(TASK INSTRUCTIONS): What is needed is a word-for-word copy of the lines below from the one with "Maglietta in cotone" through the one with "Vibrant tropical pattern", both included, with every picture left out.

(SOURCE DATA):
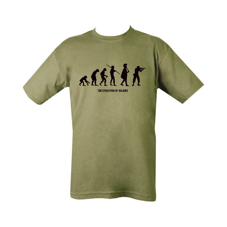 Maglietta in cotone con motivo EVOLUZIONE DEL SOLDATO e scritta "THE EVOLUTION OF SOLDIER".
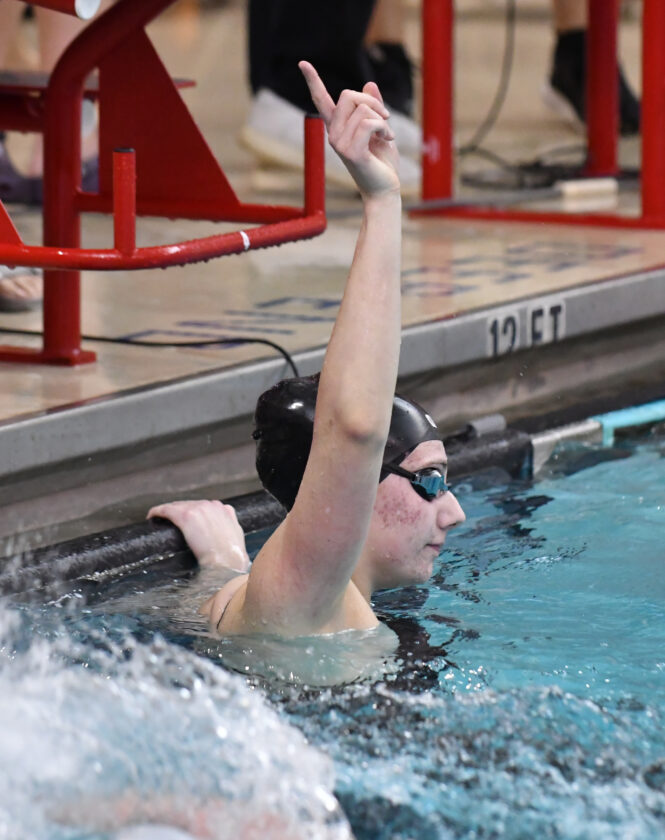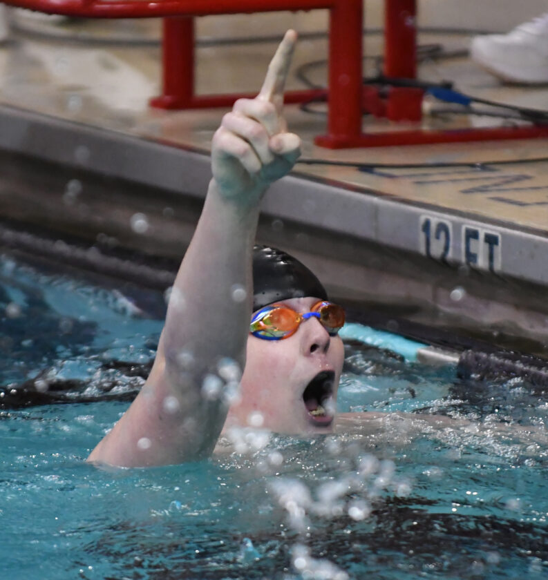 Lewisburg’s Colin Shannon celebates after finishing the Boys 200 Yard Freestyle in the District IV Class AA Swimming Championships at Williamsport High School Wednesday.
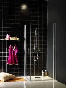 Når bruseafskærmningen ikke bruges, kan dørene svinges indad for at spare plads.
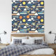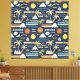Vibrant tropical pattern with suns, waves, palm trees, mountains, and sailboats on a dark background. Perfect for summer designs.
...
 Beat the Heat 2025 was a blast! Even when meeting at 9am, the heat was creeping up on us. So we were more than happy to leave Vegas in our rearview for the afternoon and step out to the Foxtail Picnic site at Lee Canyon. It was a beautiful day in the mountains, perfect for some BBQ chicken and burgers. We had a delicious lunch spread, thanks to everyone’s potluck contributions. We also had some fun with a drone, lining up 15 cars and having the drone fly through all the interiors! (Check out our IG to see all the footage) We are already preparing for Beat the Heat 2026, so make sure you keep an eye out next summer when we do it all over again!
--
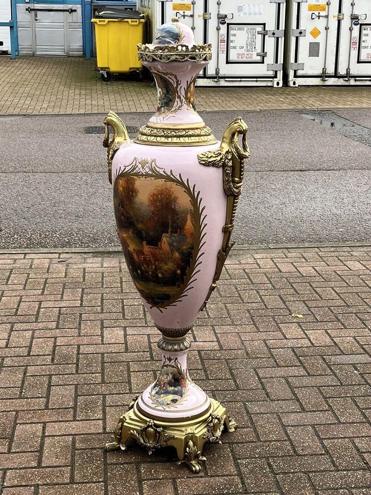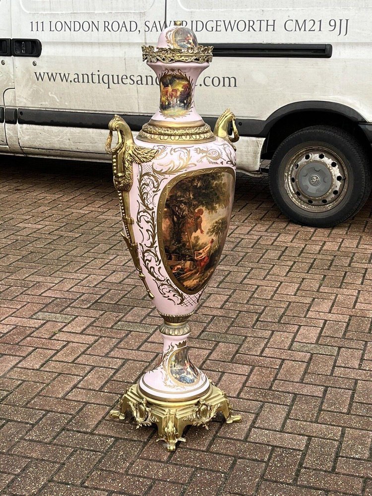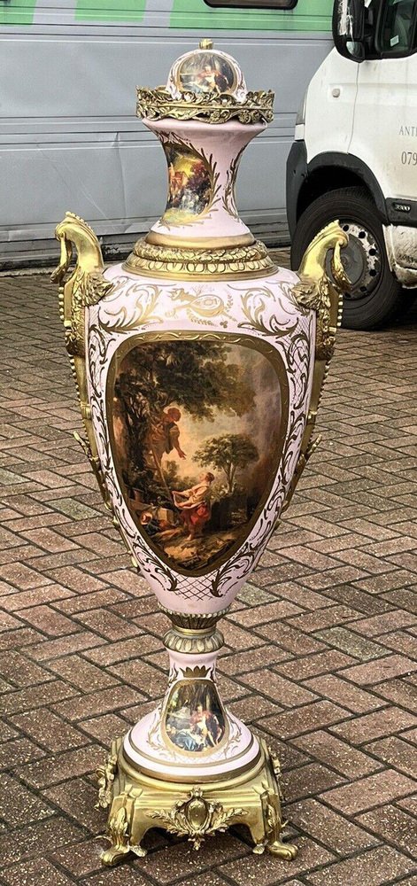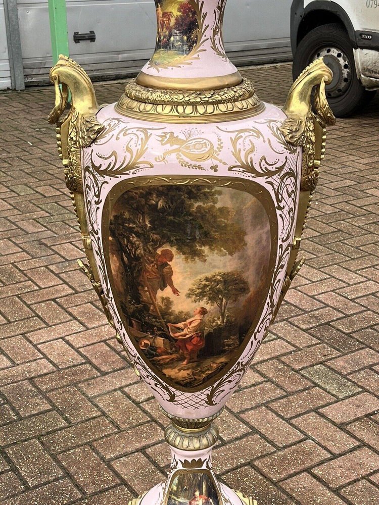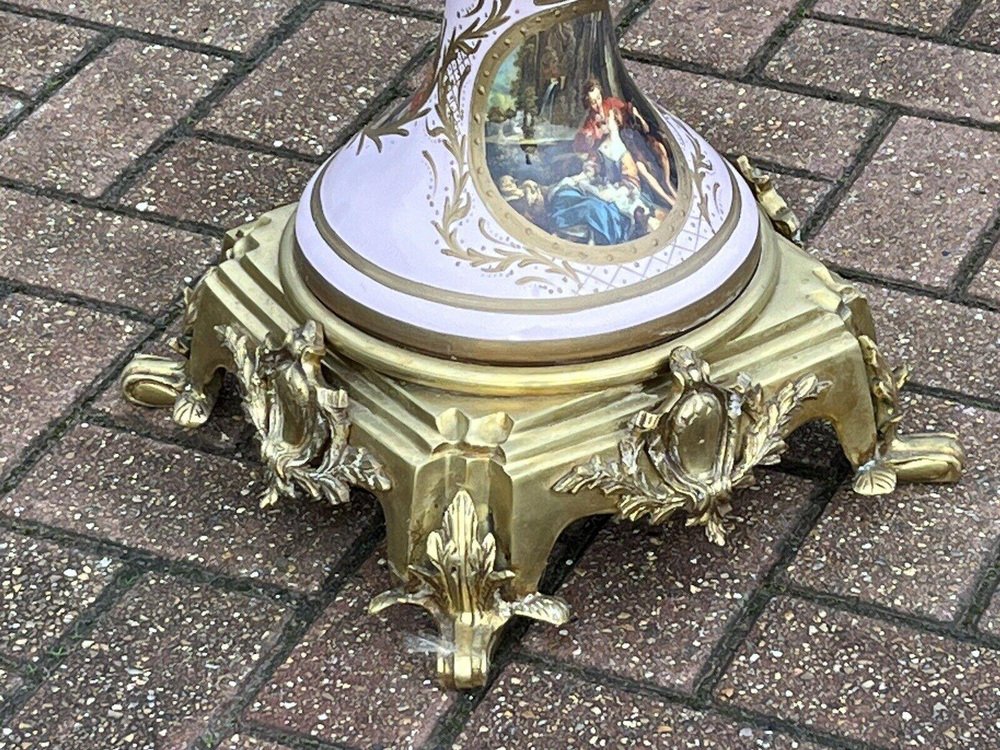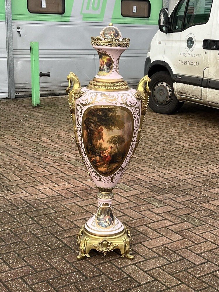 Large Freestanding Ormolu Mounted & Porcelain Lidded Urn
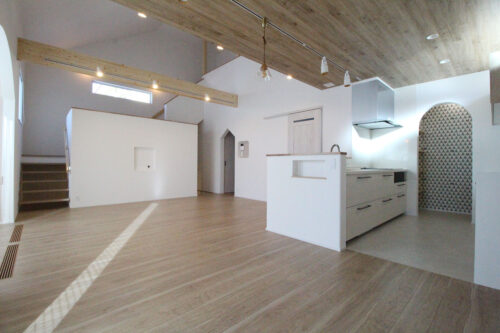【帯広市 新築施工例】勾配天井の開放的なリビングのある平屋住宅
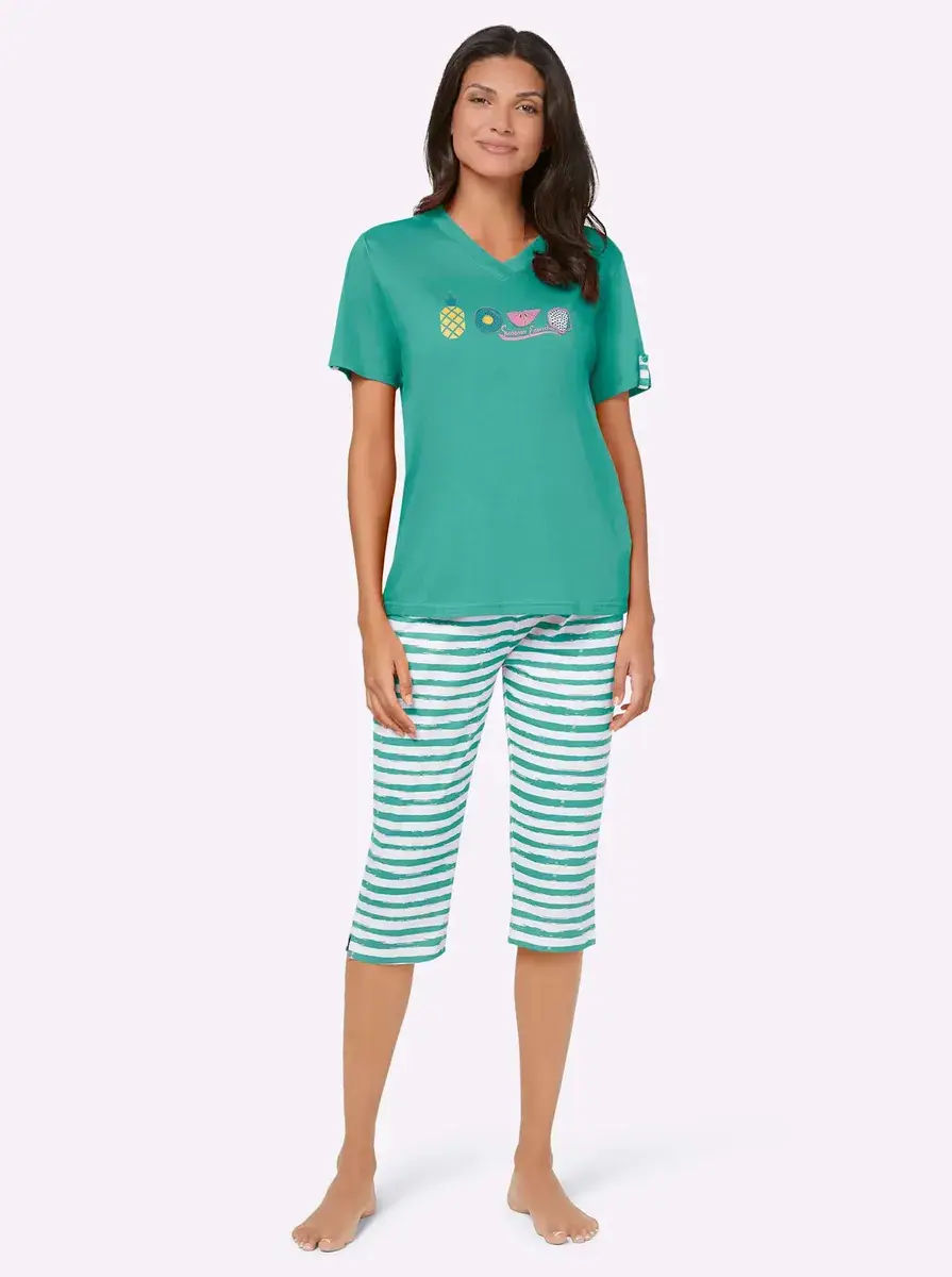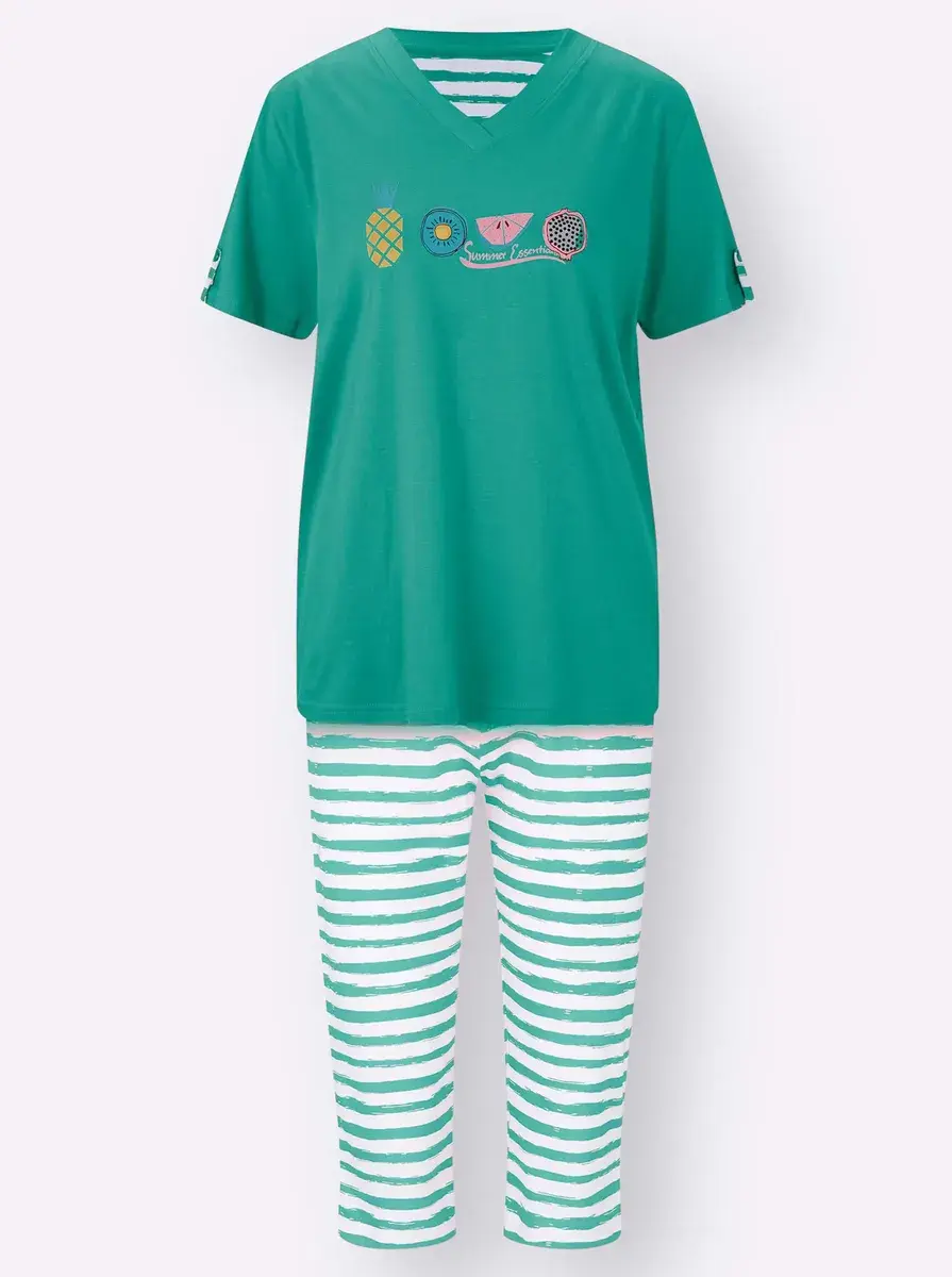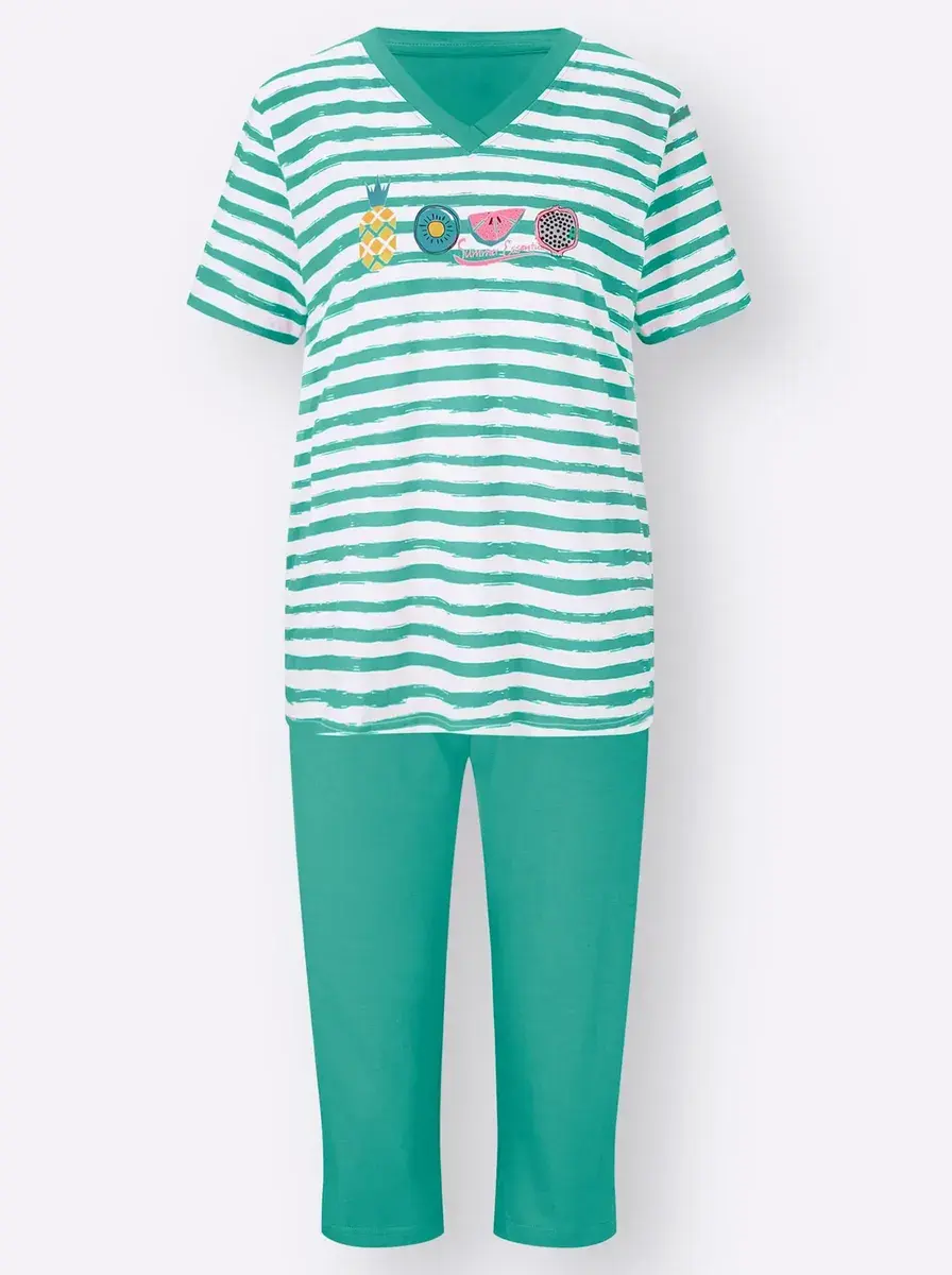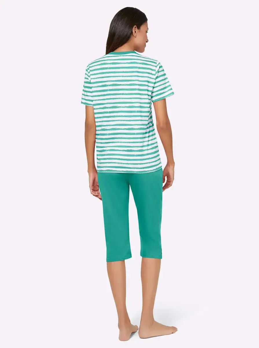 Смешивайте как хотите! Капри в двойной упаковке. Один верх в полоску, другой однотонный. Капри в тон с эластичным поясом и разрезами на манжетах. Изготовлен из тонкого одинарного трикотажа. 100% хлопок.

(THE COMPLETED TASK):
 Maglietta in cotone con motivo EVOLUZIONE DEL SOLDATO e scritta "THE EVOLUTION OF SOLDIER".
 Lewisburg’s Colin Shannon celebates after finishing the Boys 200 Yard Freestyle in the District IV Class AA Swimming Championships at Williamsport High School Wednesday.
 Når bruseafskærmningen ikke bruges, kan dørene svinges indad for at spare plads.
Vibrant tropical pattern with suns, waves, palm trees, mountains, and sailboats on a dark background. Perfect for summer designs.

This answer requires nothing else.